What you need to know
- Two-model architecture (ER ↔ VLA): Gemini Robotics-ER 1.5 handles embodied reasoning—spatial grounding, planning, success/progress estimation, tool calls—while Robotics 1.5 is the vision-language-action executor that issues motor commands.
- “Think-before-act” control: The VLA provides explicit intermediate reasoning/traces throughout the execution process, improving both long-horizon decomposition as well as mid-task adaption.
- Motion Transfer across embodiments: A VLA checkpoint can reuse skills between heterogeneous robots, such as the bi-arm Franka (Apptronik Apollo), and allows for cross-robot execution with zero/few shot rather than per platform retraining.
- Tool-augmented planning: ER 1.5 can invoke external tools (e.g., web search) to fetch constraints, then condition plans—e.g., packing after checking local weather or applying city-specific recycling rules.
- Improvements in quantitative terms over baselines prior to the current year: The tech report documents higher instruction/action/visual/task generalization and better progress/success on real hardware and aligned simulators; results cover cross-embodiment transfers and long-horizon tasks.
- Accessibility: ER 1.5 The newest version of the Gemini API Google AI Studio with documentation, examples and preview knobs. Robotics 1.5 The (VLA), is only available to select partners. A public waiting list exists.
- Safety & evaluation posture: DeepMind emphasizes layered safety measures (policy aligned planning, safety aware grounding, and physical limits). ASIMOV upgraded Use benchmark evaluations and adversarial analysis to investigate risky behaviours and hallucinatory opportunities.
The following is a summary of the information that you will find on this page.
Gemini Robotics, version 1.5, operationalizes the clean separation of Embodied reasoning The following are some examples of how to get started: Controlling the flow of information is a good way to start.Adds Motion Transfer Gemini API allows developers to reuse data between robots and to showcase the reasoning surface to them (such as point grounding, success/progress estimation, or tool calls). For teams building real-world agents, the design reduces per-platform data burden and strengthens long-horizon reliability—while keeping safety in scope with dedicated test suites and guardrails.
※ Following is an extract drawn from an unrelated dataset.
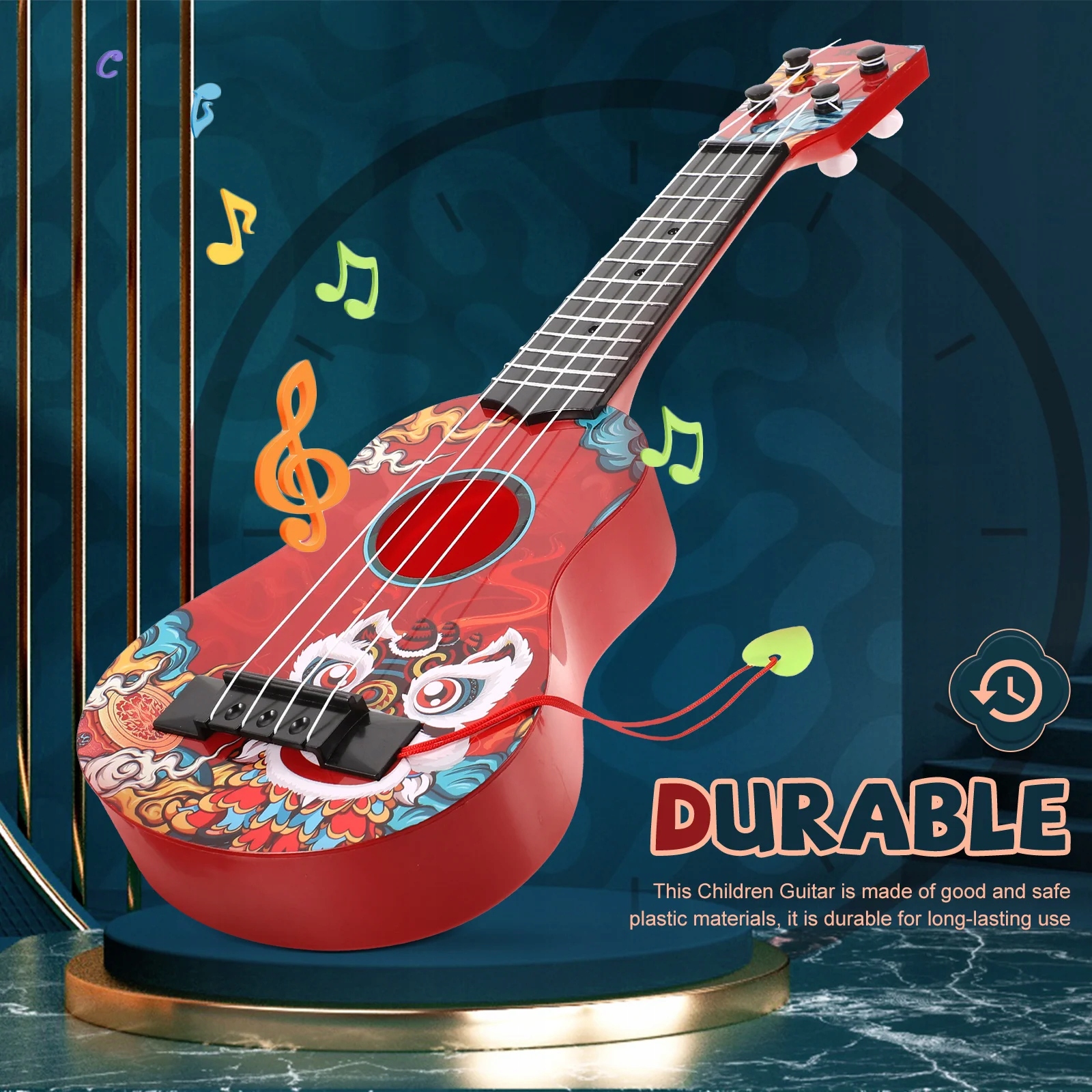 Эта детская гитара изготовлена из хорошего и безопасного пластика, рассчитана на длительное использование

Click here to find out more Paper The following are some examples of how to get started: Technical details. Please feel free to browse our GitHub Page for Tutorials, Codes and Notebooks. Also, feel free to follow us on Twitter Join our Facebook group! 100k+ ML SubReddit Subscribe now our Newsletter.
Asif Razzaq serves as the CEO at Marktechpost Media Inc. As an entrepreneur, Asif has a passion for harnessing Artificial Intelligence to benefit society. Marktechpost was his most recent venture. This platform, which specializes in covering machine learning and deep-learning news, is both technically solid and understandable to a broad audience. Over 2 million views per month are a testament to the platform’s popularity.